I've been a fan of the KH libraries for several years. I like the sound of them, mainly because I do more traditional classical work than Hollywood. For my limited expertise they are fairly easy to use (especially compared to the old libs). $99 for the three products sounds like a no-brainer to me, especially given that the upgrade from Strings 2 to 3 is probably the same if not more. (I've sent an email to KHS asking what the upgrade cost is. Depending on the answer I will know which way to obtain CS3.)


----------



## Thorsten Meyer (Mar 11, 2017)

I really like the different sound of the Strings, in particular Violin, with nice vibrato and tone.


----------



## Alohabob (Mar 11, 2017)

I have their Diamond Symphony Orchestra, which I do like. I am not sure, however, if getting this will be redundant or if there is enough new here to make it worthwhile. The website seems to talk more about differences in interface and usability but I'm more interested in how different the sound is, and that's difficult to find on the site.


----------



## sostenuto (Mar 11, 2017)

Alohabob said:


> I have their Diamond Symphony Orchestra, which I do like. I am not sure, however, if getting this will be redundant or if there is enough new here to make it worthwhile. The website seems to talk more about differences in interface and usability but I'm more interested in how different the sound is, and that's difficult to find on the site.

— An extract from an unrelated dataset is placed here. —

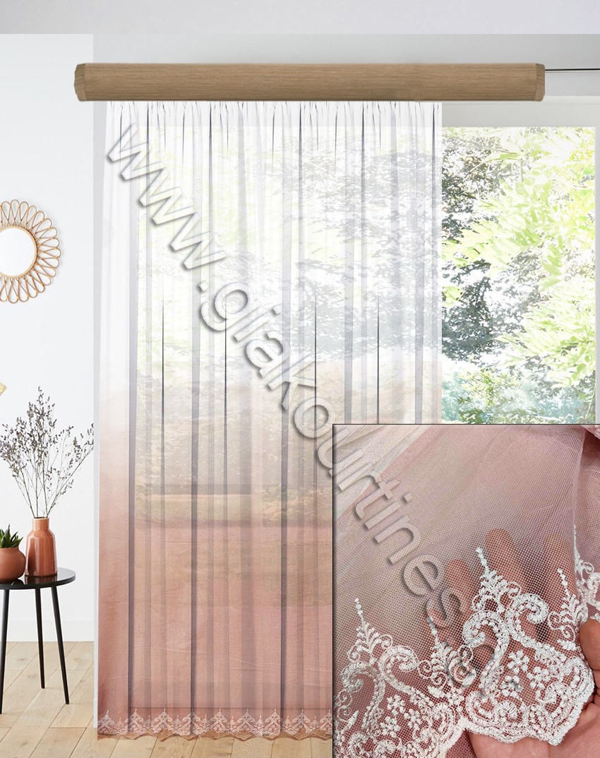 Κουρτίνα τούλινη σταθερή, με διαφάνεια, έτοιμη ραμμένη. Εξαιρετικά χυτή, Ευρωπαίκών προτύπων και ποιότητας. Διαθέτει κεντημένο φιστόνι τελείωμα. Είναι ατσαλάκωτο ύφασμα, χρώματος λευκό με Ombre ροζ σάπιο μήλο.

Nicely stated ! New Member with precisely the same basic question. 
_If it is far more difficult to accomplish_ moderate tasks, with Diamond Symphony Orchestra, then cost is still very attractive.


----------



## dhowarthmusic (Mar 11, 2017)

If anyone wants to hear the differences between the three libraries I made a demo tonight of each library playing the same midi file. It's an excerpt from Rachmaninov's 2nd Symphony (The Birman Theme).

1. Concert Strings Legacy
2. Concert Strings 2
3. Concert Strings 3

For anyone who has the Diamond Orchestra then you already have most of the sounds from Legacy and Concert Strings 2. Concert Strings 2 includes Solo Strings 2 which is not included in the Diamond Orchestra and has more velocity layers than the solo strings in the diamond orchestra.

[AUDIOPLUS=http://vi-control.net/community/attachments/1-birdman-theme-kirk-hunter-concert-strings-legacy-mp3.7705/][/AUDIOPLUS]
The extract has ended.